What to work on
Taking the data below, please print only the lines from the line holding "Ποτηροθήκη Μεταλλική Επιτοίχια" to the line holding "在NSObject.mm类alloc方法中添加断点,得到的堆栈如下", inclusive, with pictures omitted.

Data records
§

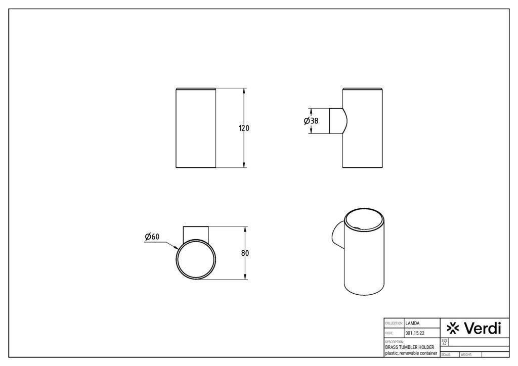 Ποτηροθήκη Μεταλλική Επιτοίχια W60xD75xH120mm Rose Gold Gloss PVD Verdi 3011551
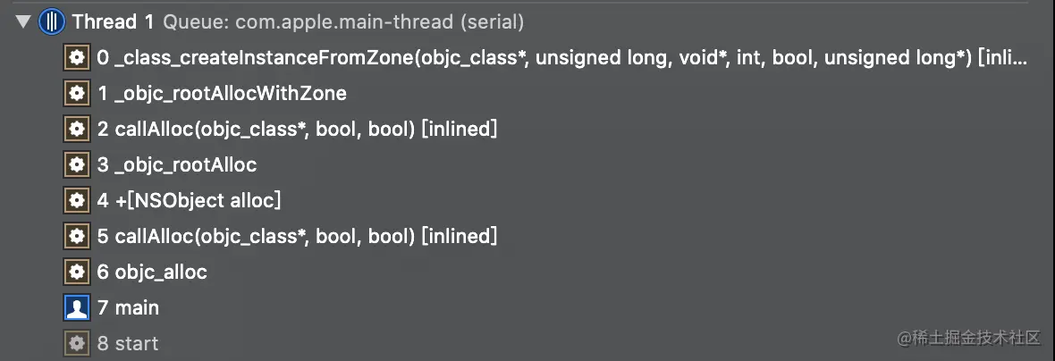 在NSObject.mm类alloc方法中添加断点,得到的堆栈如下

§

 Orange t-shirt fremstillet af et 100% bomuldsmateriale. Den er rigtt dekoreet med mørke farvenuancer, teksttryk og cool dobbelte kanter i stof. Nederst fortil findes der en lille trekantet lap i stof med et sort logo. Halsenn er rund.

§

The completed task
 Ποτηροθήκη Μεταλλική Επιτοίχια W60xD75xH120mm Rose Gold Gloss PVD Verdi 3011551
 在NSObject.mm类alloc方法中添加断点,得到的堆栈如下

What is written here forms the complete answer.